4. Other interesting talks
   
   
5. Conclusion

Preconference

Brainhack Networks

This connectomics hackathon was not a competition, but rather an effort to come up with new ideas for open problems by putting people with diverse background together for a weekend. It started with a couple of very interesting ignite talks. Vincenzo Nicosia gave a brief intro to complex networks, commented on commonalities between different types of them (twitter, railways, brains etc.) and underlined the importance of the network’s size, when one argues about discovering power laws. Daniel Margulies, presented methods to combine the brain network with its actual geometric space and ,in the afternoon, we had a quick guest star appearance by Gael Varoquaux who invited us to take part in the Imaging Psychiatry Chellenge.
The project I worked on was about tallying functional connectomes of the same human, by Enrico Amico. The state of the art algorithm was based on removing variance from the functional connectomes using PCA, which in the right amount can maximize the correlation between the connectomes of the same subject. Our group implemented several extensions of the methods that: focus on connectomes of a specific task (not resting state) / use only specific regions of the brain / use a normalized Laplacian of the connectome as input to the initial algorithm / directly calculate partial correlation between subjects. Another really cool project was 101nights, which is based on EEG recordings of actual dreaming sessions.

SYNS pre-event

The Society for Young Network Scientists organized a rather interesting event, where three well known scientists presented a story about the actual course of a paper before publishing. In this case, we were lucky to have Yamir Moreno, Sonia Kefi and Stefano Battiston, presenting the background stories of three papers on epidimiology, ecology and finance respectively. If I had to distinguish the three most important advises, they would be:

• Be patient; some papers take more then half a decade to be published.
• Don’t get discouraged by a rejection.. or 3.
• Take short steps. A paper’s publication may depend on a lot of external parameters that change rapidly, so you need to be flexible.

Satellites

Unfortunately the school, which I heard was amazing, run in parallel with the satellites (i.e. workshops! it wasn’t that type of physics conference), in a venue 30 minutes away. I decided to focus on the satellites and attended the Statistical Inference on Networks on Monday and split between Higher Order Networks and Machine learning in Network Science on Tuesday.

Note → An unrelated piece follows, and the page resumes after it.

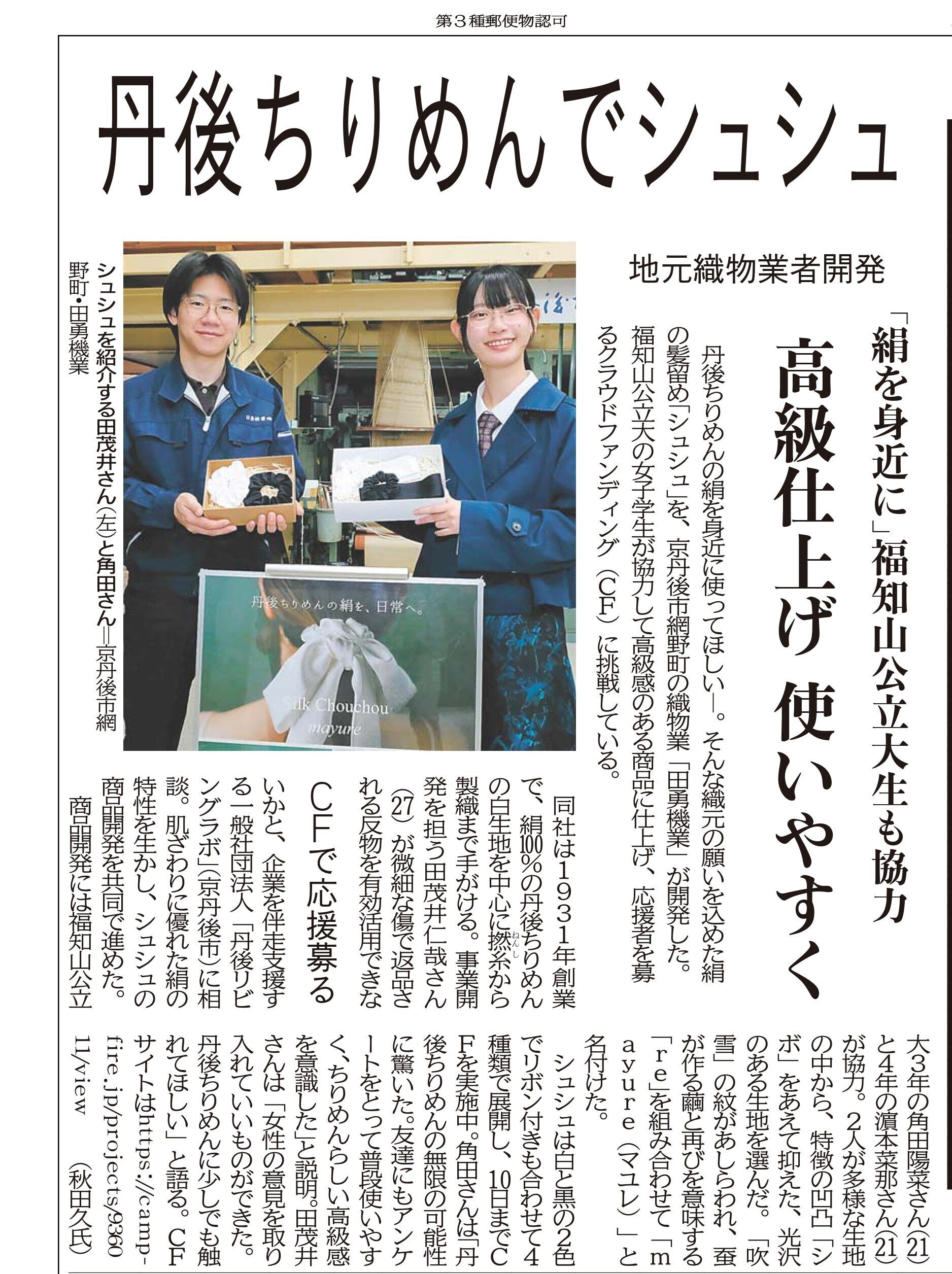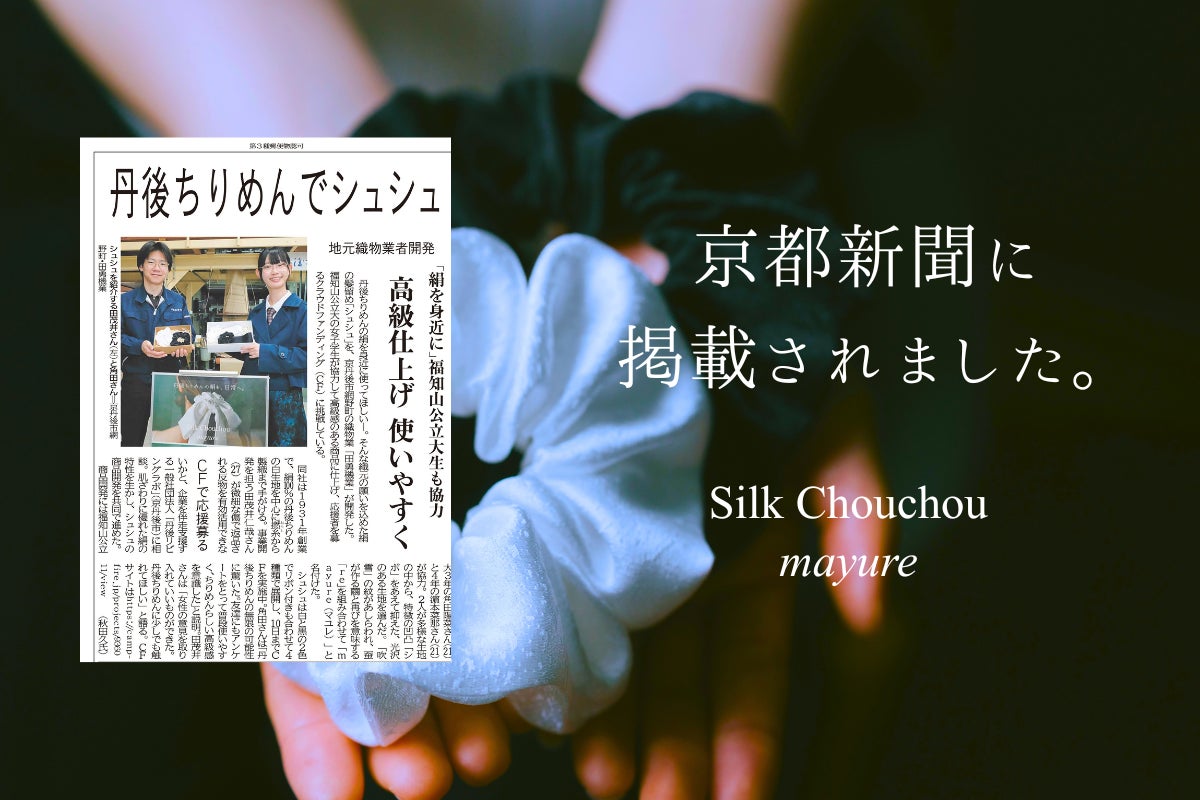 本日、2026年4月3日付の京都新聞にて、シルクシュシュ「mayure」とクラウドファンディングの取り組みが掲載されました。

Semi-Supervised Learning through Graphs

Leman Akoglu gave two invited talks during the satellites.
The first talk was about semi-supervised learning using the underlying network of the data. The motivation behind expressing the data manifold as a network, is to assign unlabeled samples to classes with locally similar samples. To construct the network, the proposed method learns the optimum radius in each dimension, such that when drawing edges using kNN based on that radius, the classification improves. The algorithm is formalized as a learning-to-rank objective function optimized by gradient descent. To accelerate hyperparameter tuning, the authors employed a parallel implementation of successive halving, where the threads can be allocated depending on the course of the search. Tested on semi-supervised image classification with 10% labeled data, the method beats the rest graph construction methods in famous datasets such as MNIST, COIL etc.

Normality for Attributed Networks

Most of the web networks can include node attributes, however, they are frequently overlooked because of the extra complexity. Prof. Akoglu’s second presentation was on anomaly detection for supgraphs in attributed networks. Along with Bryan Perozzi, they devised a normality measure for attributed subgraphs, that combines structural density and attribute cohesiveness. It also takes into account boundary connections to hubs that do not really belong to the subgraph. By maximizing normality, one can recover the latent weights of a subgraph in the attribute space, so you can say things like “this community likes these stuff”. This metric can be used for effective summarization and subgraph characterization. The latter was applied to a network of congressmen with attributes based on the policy areas of the bills they sponsor, and came up with the results below.

Temporal Networks as HONs

How to model networks that change in time is an open problem that was addressed by many presentations in the NetSci. Ingo Scholtes, who is known for his work on higher order networks, presented two contributed talks during the satellites and one on the last day of the conference addressing this issue. His study contends that temporal networks should be addressed as a generative model for pathways, to account for non-markovian characteristics that are ubiquitous on most real-world networks. The idea is that retaining the order of the edges in the analysis may uncover latent causal relationships that would be overlooked otherwise. Prof. Scholtes’ research reveals that analyzing a temporal network as a Higher Order Network (a hypergraph with short paths as nodes), can uncover meaningful patterns. There are two main shortcomings of this approach. The first is how to decide the optimal order of the network, and the second is how to take into consideration the actual underlying time between the edges. In other words, what is the length of the temporal paths that makes the analysis meaningful, and at what time range a path stops representing a causal relationship. Solutions to both have been proposed based on the entropy of the network in different orders and time scales, but there is still a considerable amount of ideas to explore.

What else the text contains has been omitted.